Gules, the heraldic colour red is very popular, sometimes said to represent “Military Fortitude and Magnanimity”1. It is usually abbreviated as gu and in the days before colour printing was shown in a system known as hatching by vertical lines 2. Although it may look like a French word it is normally pronounced with a hard “g” and may be derived either from the Latin gula (throat) or Arabic gule (rose).3
Sable, the deep black so often found in Heraldry is believed to named from an animal of the marten family know in the middle ages as a Sabellinœ and noted for its very black fur 4. In engravings, when colors cannot be shown it is represented as closely spaced horizontal and vertical lines, and appropriately is thus the darkest form of hatching, as this method is known 5. Although it may seem a sombre tone, and does indeed sometimes denote grief, it is more commonly said to represent Constancy 6.
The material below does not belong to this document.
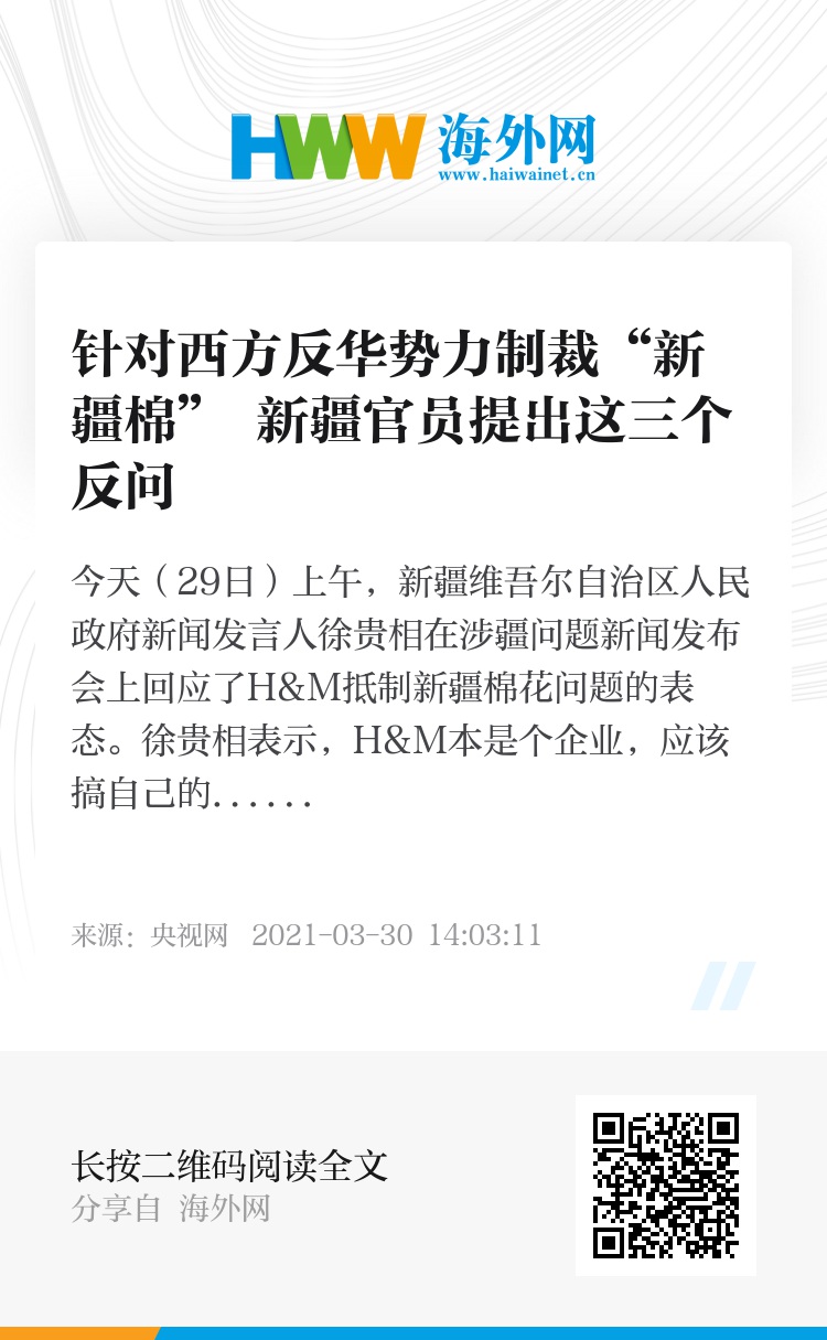 徐贵相表示,H&M本是个企业,应该搞自己的经营活动,不应把经济行为政治化。为什么要参与到政治活动中去呢?无非是受一些谣言影响,认为新疆棉花行业存在“强迫劳动”。西方一些反华势力也据此对新疆棉花行业进行制裁。
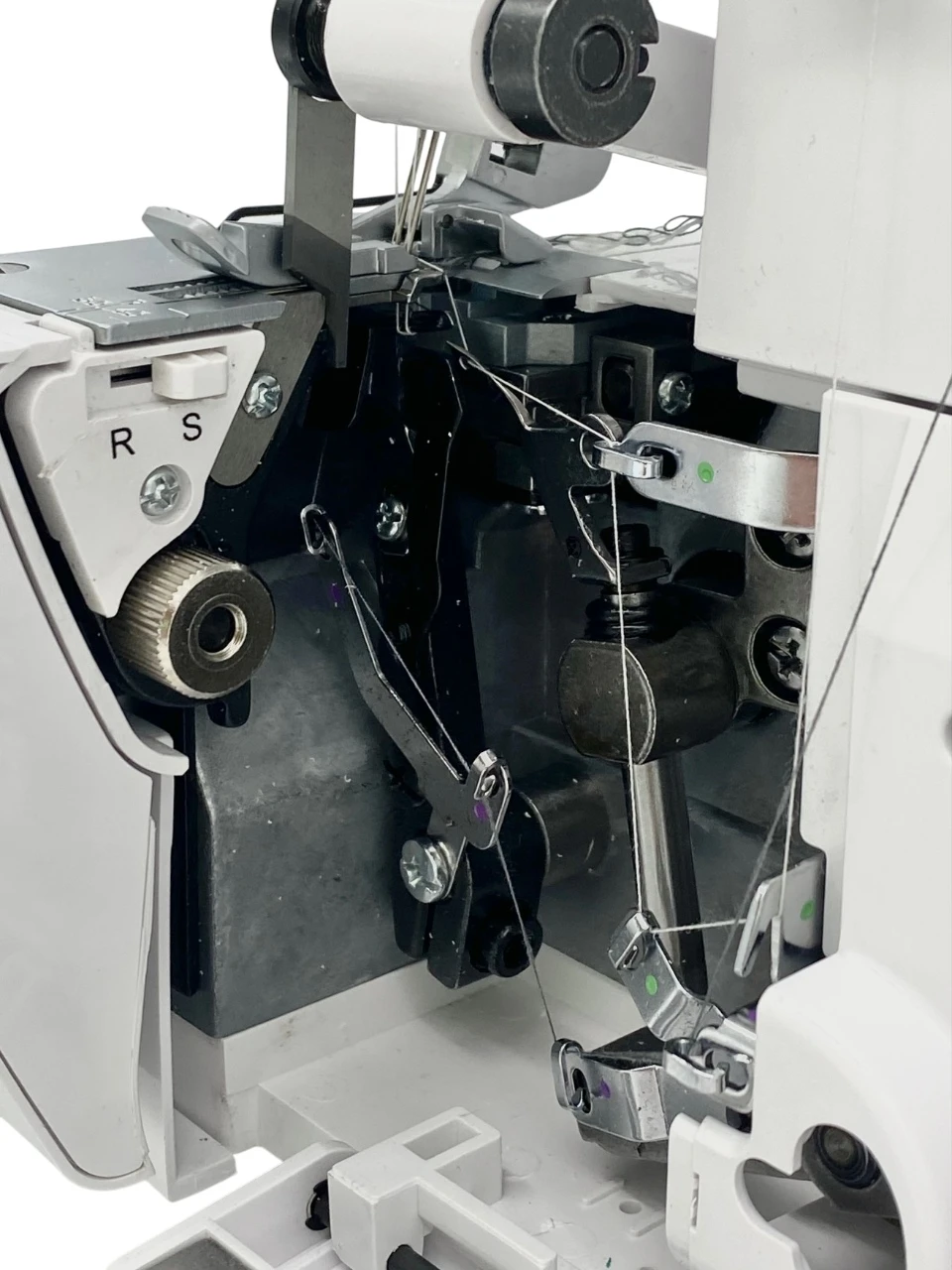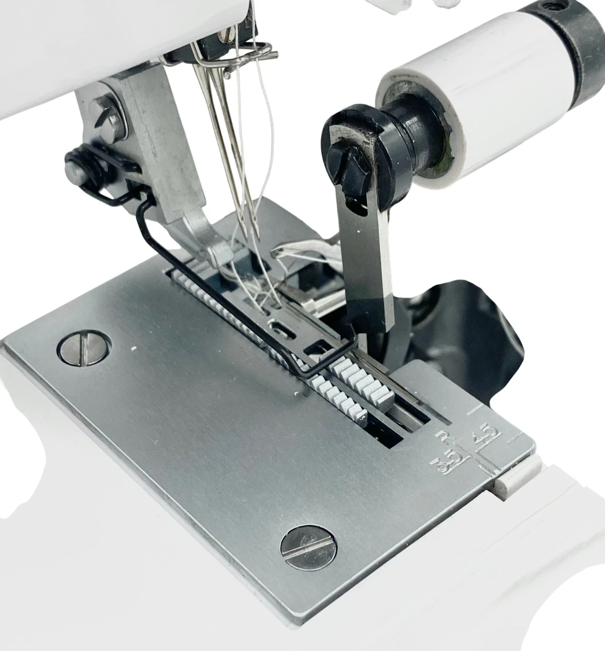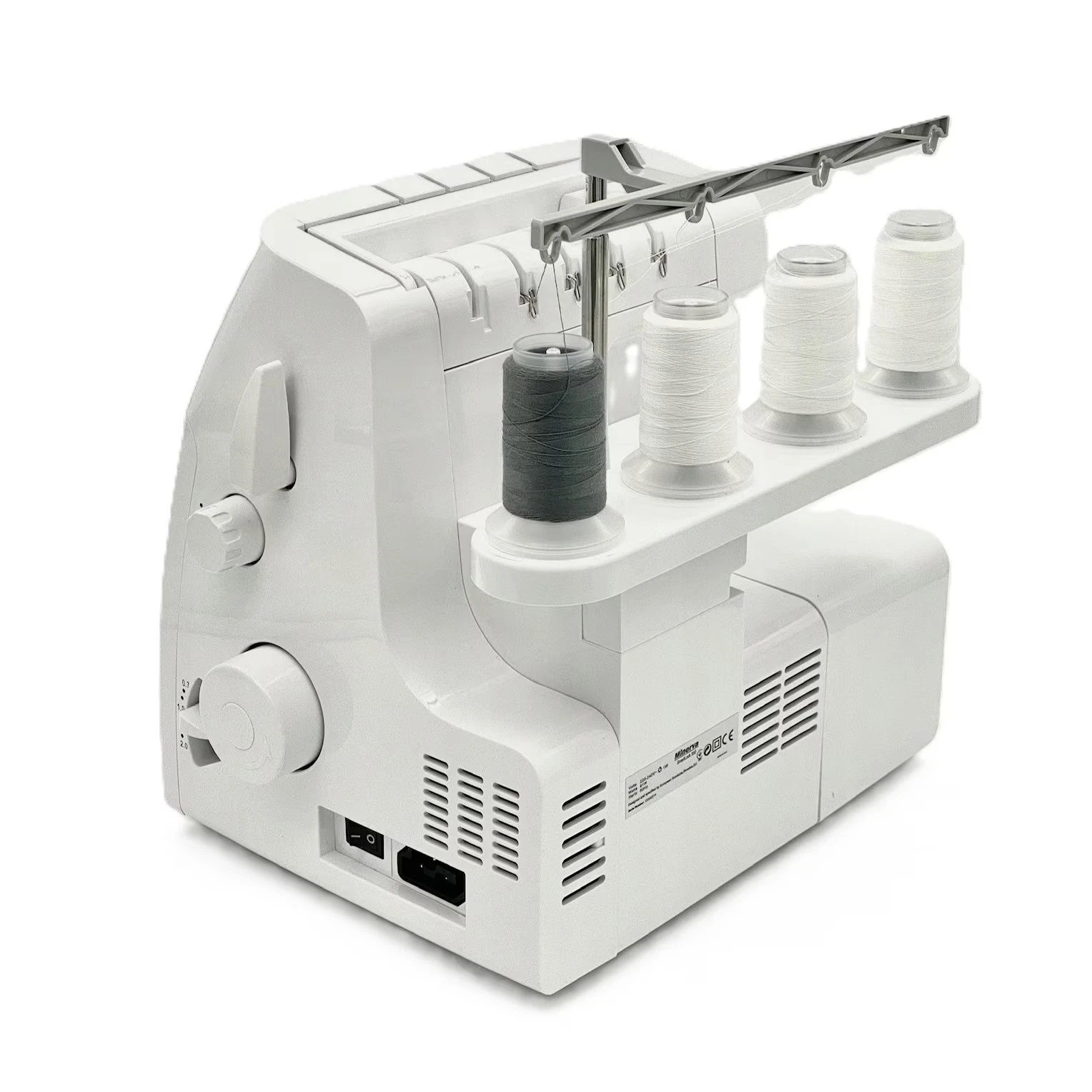 Оверлок Minerva Smartlock 350 – 2, 3, 4-х нитковий оверлок із рукавною платформою, що виконує 8 основних обметувальних швів. Підходить для всіх типів тканин – від тонких до джинса, завдяки регулюванню тиску лапки. Диференціальний транспортер забезпечує якісну обробку трикотажу. Оснащений сучасною системою прямих ниткопровідників, спрощеною заправкою ниток з колірними мітками, підказками для легкої заправки та можливістю відключення ножа.

The bright, strong blue color in Heraldry is known in English as azure, and similarly in other European languages – azul in Spanish, azurro in Italian and azur in French. The word has its roots in the Arabic word lazura, also the source of the name of the precious stone lapis lazuli 7. Despite this, those heralds who liked to associate colours with jewels chose instead to describe blue as Sapphire. According to Wade, the use of this colour symbolises “Loyalty and Truth” 8.
Music was as popular in the middle ages as it is today and musical instruments are frequently to be found in coats of arms 9. Sometimes these are a “play on words” such as the trumpets appearing for Trumpington 10, but sometimes just for the pleasure and ease of identification that these objects allow. The violin is an example of this. In common with most instruments, Wade believes that the symbology of these devices is “ready for the fray”. 11
Wings are frequently observed in coats of arms. Unless otherwise specified they should be shown as eagle’s wings, with a realistic appearance. 12 They can appear singly or in pairs, in which form they are very often found in the crest, which rests above the shield in a full achievement of arms. Wade, quoting Quillim, suggests that the use of the wing on the shield signifies “celerity and protection or covering”. 13
There can be no animal more clearly associated with Heraldry than the lion, majestic King of the Beasts. Originally it appeared only in one pose, erect, on one paw, with the others raised 14 but such was the popularity of this figure, and the need to distinguish arms from each other, that it soon came to be shown in an enormous range of forms 15. The lion rampant is an example of these modified form, and any family would be proud to have such a noble creature displayed on their arms. Rampant is the default attitude of the lion, raised on its hind legs, facing to the dexter and with front paws extended in a fearsome and powerful pose.